Farther to the south, photographs have shown China engaged in filling in the sea at the Johnson South Reef, in the Spratly chain of islands. Some analysts suggest that China intends to build an airstrip there. The Philippines has protested. It regards the reef as within its EEZ. And a declaration signed in 2002 by the ten-member Association of Southeast Asian Nations (ASEAN) and China bars new building on disputed rocks.
Perhaps most outrageous, China does not even deign to explain the basis of its claims. In the case of the oil rig, for example, it might regard the area where it is operating as part of the EEZ attached to Hainan province, an undisputed part of its territory. Or perhaps it belongs to the Paracels, from which China expelled the former South Vietnam in 1974. Or perhaps it is just encompassed by the “nine-dash line”, a lolling tongue of passive cartographic aggression that China says gives it historical rights over almost the entire South China Sea. The nine-dash line is itself ambiguous. Chinese scholars say that it probably implies a claim to the land features inside the line, an interpretation which could in theory be squared with the law of the sea. But even they are not sure that it does not assert sovereignty over the water as well.

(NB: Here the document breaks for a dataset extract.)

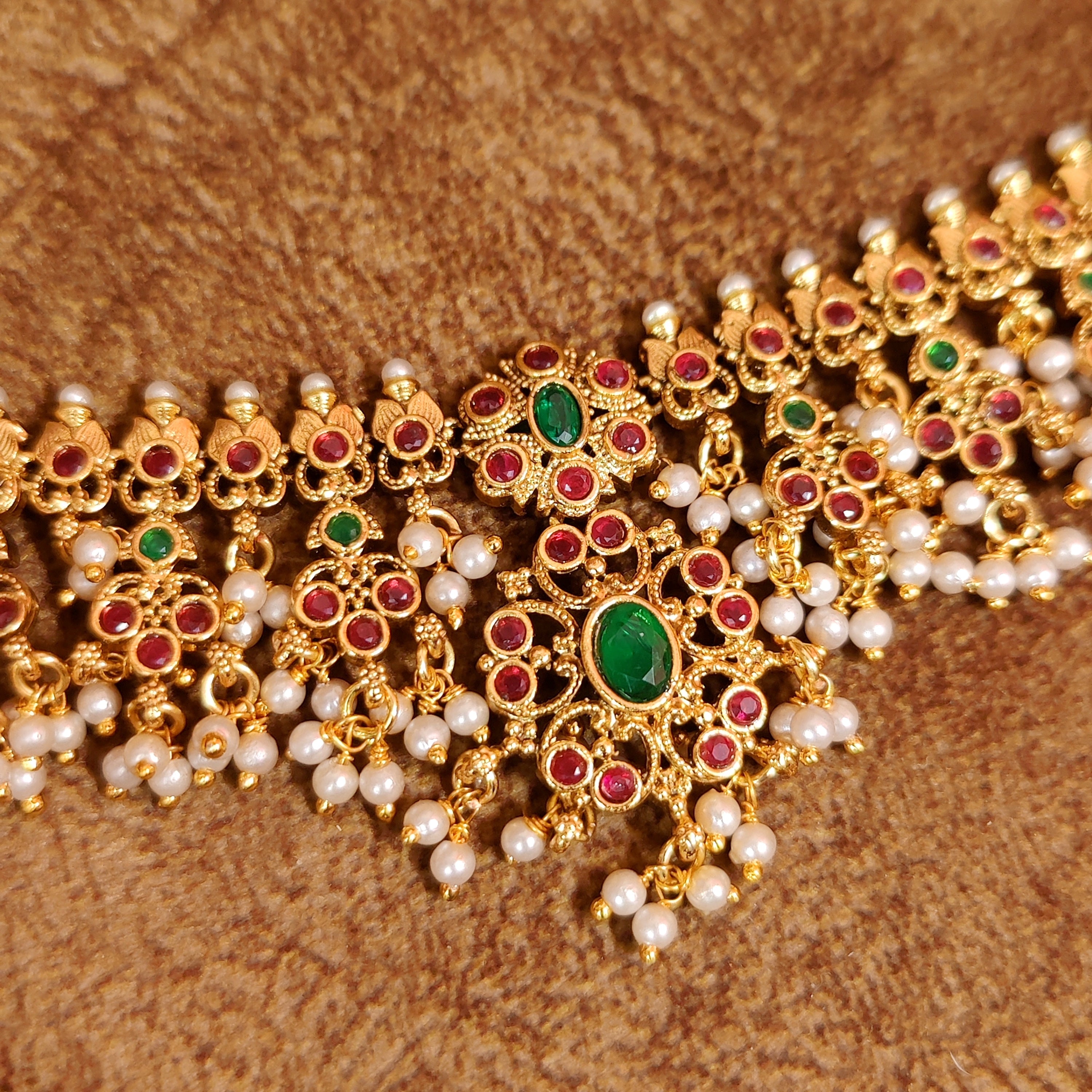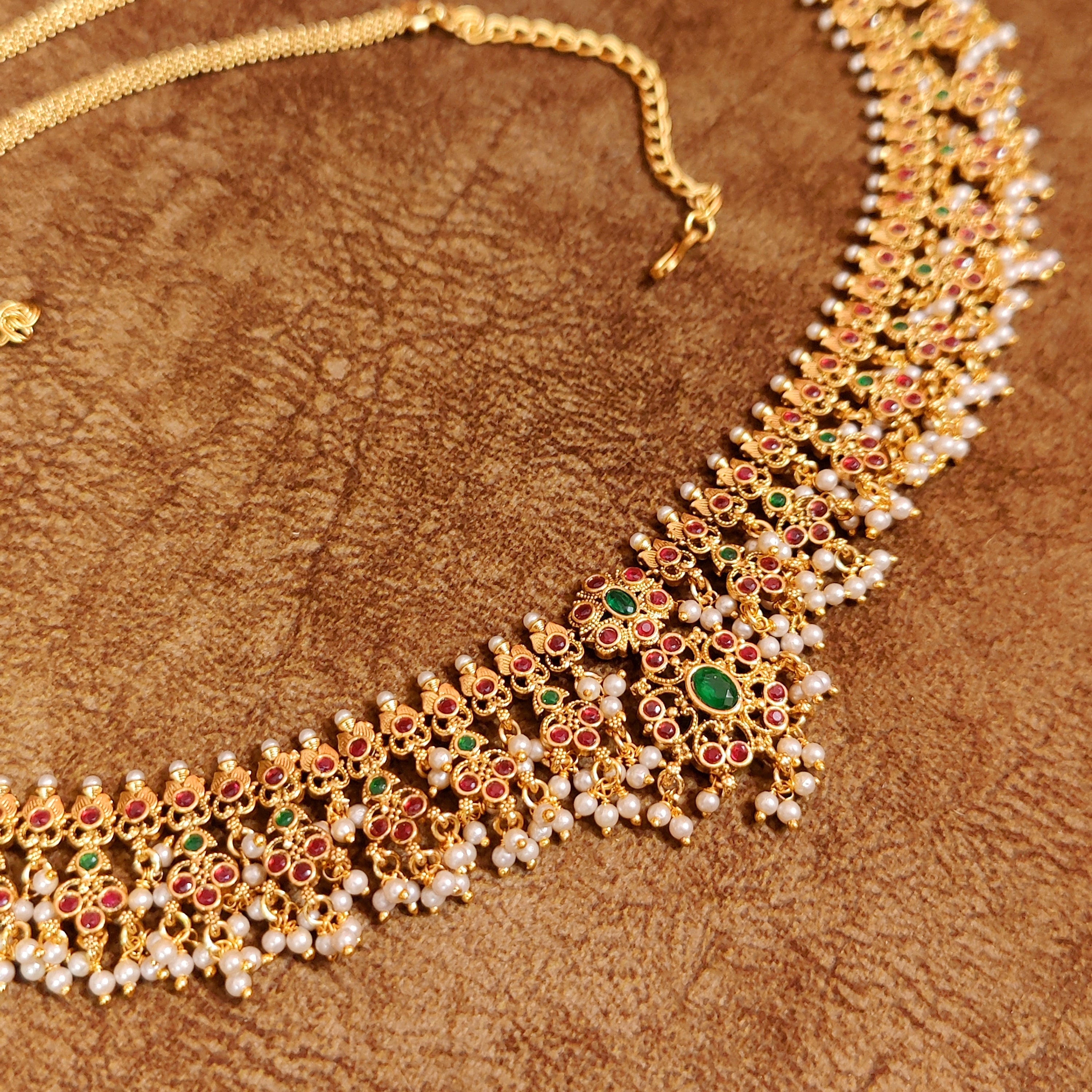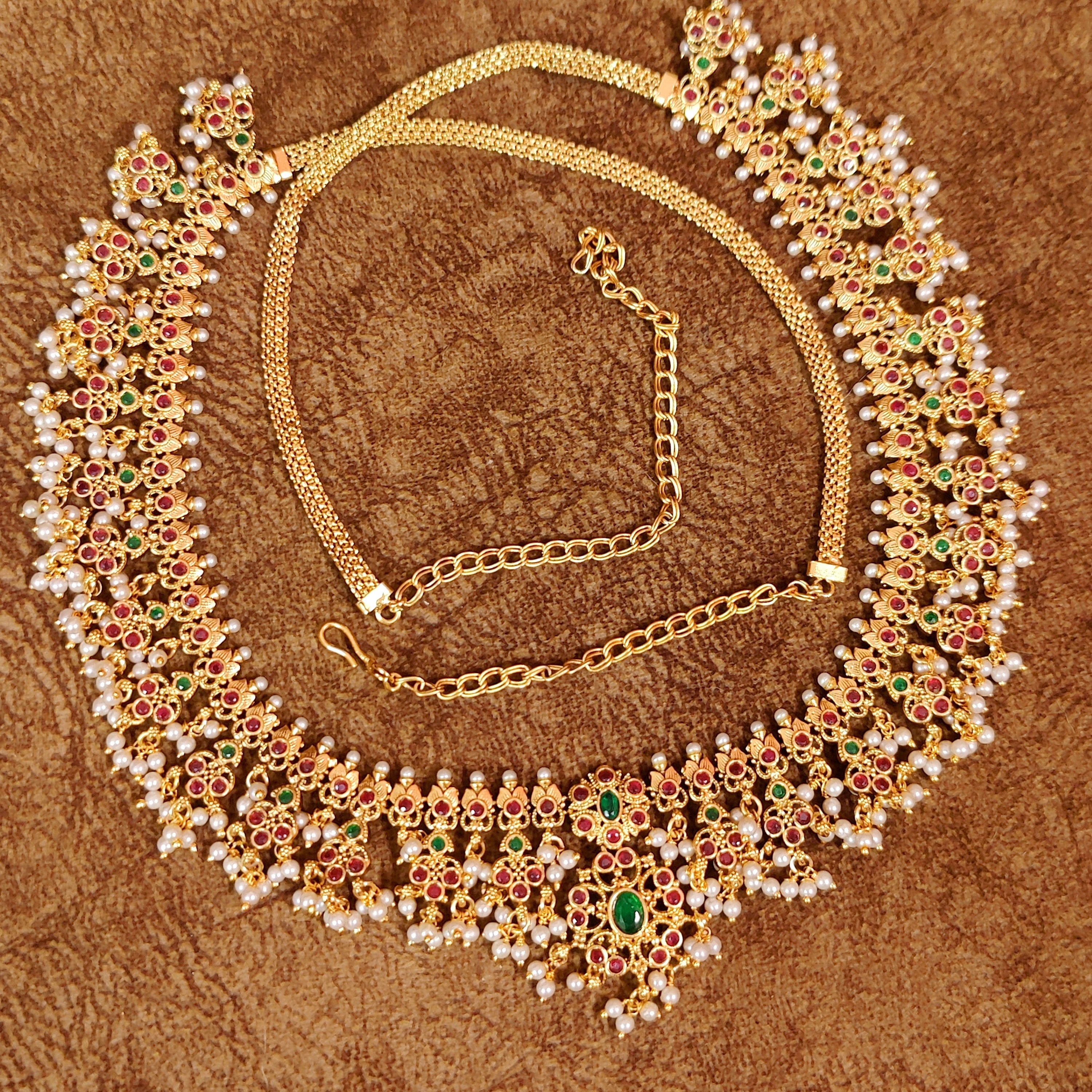 Enhance your traditional ensemble with this Gold Plated Ruby & Emerald Premium Waistbelt, designed to add a touch of royalty to your look. Adorned with vibrant ruby and emerald stones, this waistbelt exudes elegance and grandeur. The intricate gold-plated detailing makes it a perfect accessory for weddings, festive occasions, and cultural celebrations. Its adjustable fit ensures comfort while complementing sarees and lehengas effortlessly.

In the face of all this Mr Aquino tempers his outrage with realism. “They are 1.3 billion people and we are 98m”, he says. This echoes the words of the then Chinese foreign minister in 2010, who reminded ASEAN that “China is a big country and other countries are small countries and that is just a fact.” A sober assessment suggests that none of the three approaches the Philippines has adopted to resist Chinese encroachment stands much hope of success—though they have certainly annoyed China.